Powiat chrzanowski
Policja cały czas szuka 13-letniej Ani Fürschke
Mija trzeci dzień od porwania dziewczynki w centrum Chrzanowa. Policja nadal nie ustaliła, co się stało z Anią. Mimo opublikowania jej zdjęcia w mediach nie zgłosił się nikt, kto widziałby dziecko.
- Cały czas szukamy uprowadzonej. Sprawdzone zostały miejsca, w których mogłaby przebywać. Niestety to nie dało rezultatu. Pod uwagę bierzemy uprowadzenie kulturowe - mówi Robert Matyasik, rzecznik prasowy chrzanowskiej policji.
13-letnia Ania Fürschke jest narodowości romskiej. W tej kulturze zdarza się, że młode dziewczynki są porywane przez przyszłych mężów.
- Mimo opublikowania zdjęcia zaginionej do dziś z policją nie skontaktował się nikt, kto widziałby dziewczynkę albo miał jakiekolwiek informacje na temat tego, gdzie może przebywać - przyznaje Matyasik.
Nie można wykluczyć, że Anię wywieziono za granicę. Choć na razie policja tego nie potwierdza, przyznaje, że sprawdzane są wszystkie scenariusze.
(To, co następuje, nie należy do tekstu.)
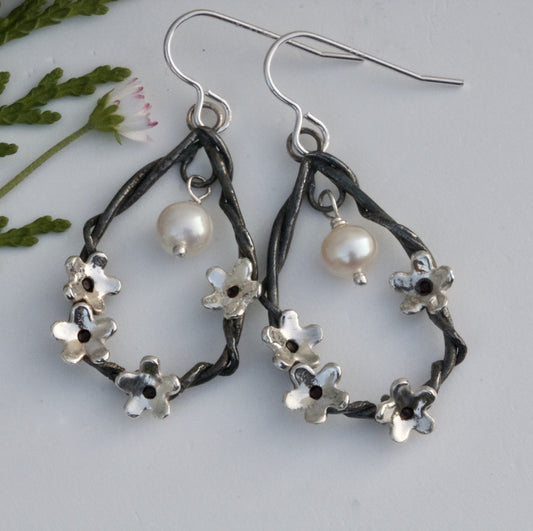Teardrop Woodland Silver Flower Dangle Earrings, Silver Statement Drop Earrings
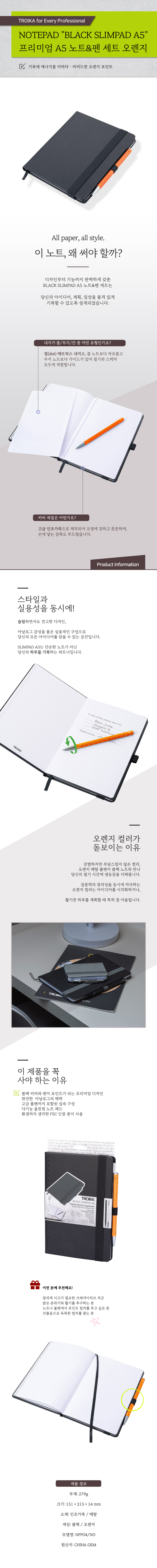 트로이카 프리미엄 노트&펜 노트패드 (오렌지) |
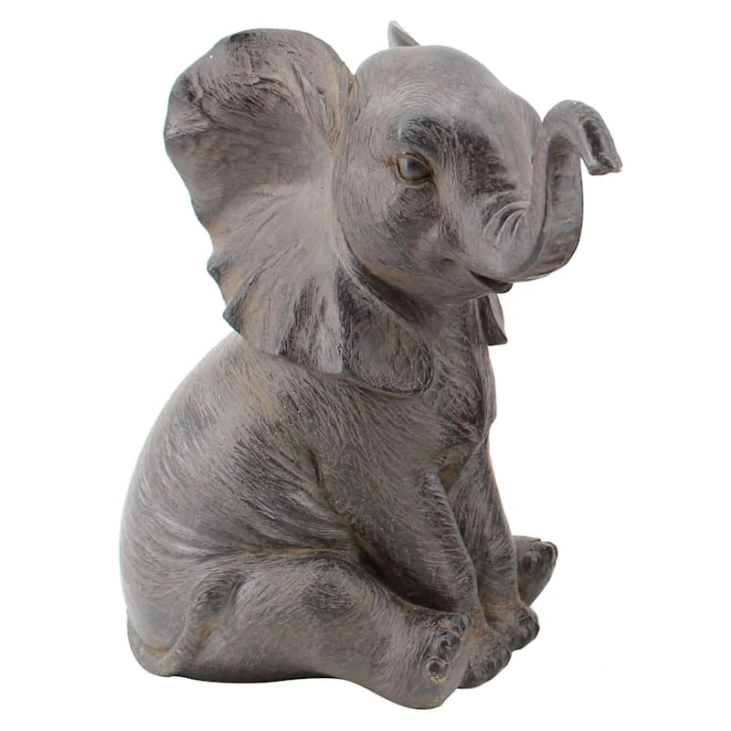 Grey Sitting Elephant, 8"
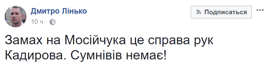 При этом коллега Мосийчука депутат Дмитрий Линько на собственной странице подтвердил, что нет никаких сомнений, что заказчиком убийства депутата был именно Кадыров.
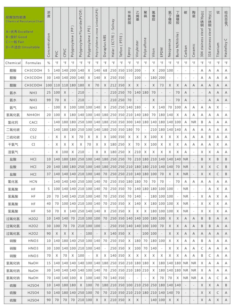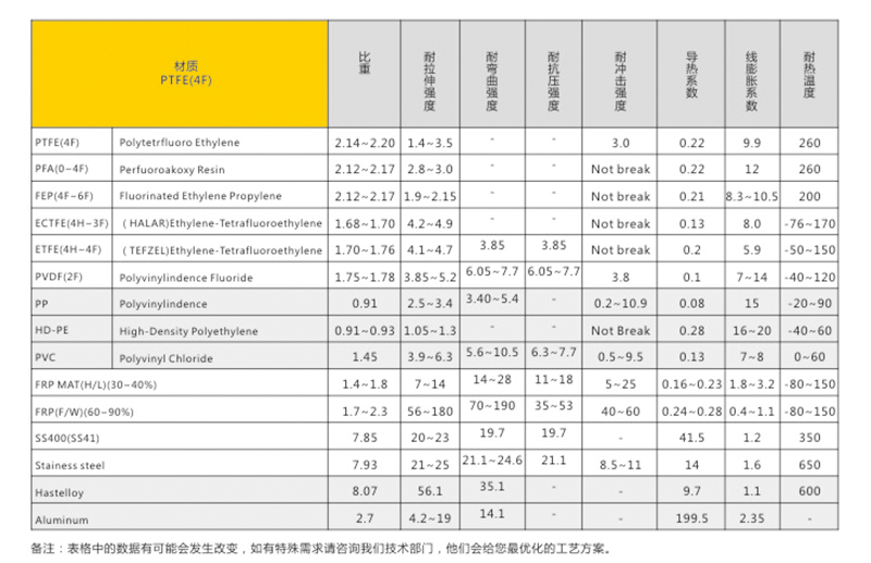 四氟材料和其他材料的防腐性能對比:

Funkcjonariusze są w stałym kontakcie z Biurem Międzynarodowej Współpracy Policji w komendzie głównej.
W czwartek prokuratura przesłuchała naocznego świadka przestępstwa. To 13-letnia koleżanka zaginionej dziewczynki.
- Wszystko wskazuje na tzw. uprowadzenie romskie - przyznaje Elżbieta Jopek, prokurator rejonowy w Chrzanowie.
Zgodnie z polskim prawem za porwanie osoby poniżej 15. roku życia i bezprawne pozbawienie jej wolności grozi do 5 lat więzienia. Chyba, że uprowadzona osoba jest przetrzymywana dłużej niż 7 dni. Wtedy odpowiedzialność wzrasta do 10 lat więzienia.
Komentarze
2 komentarzy
Środowisko romskie doskonale wie, kto jest odpowiedzialny za uprowadzenie dziewczynki. Tajemnicę może stanowić jedynie miejsce przetrzymywania jej. Na porwanie musiał wyrazić zgodę ktoś ze starszyzny romskiej. To tradycja, nie samowolka.
5, 10 lat??? Ale chyba ciężkich robót w kamieniołomach!!!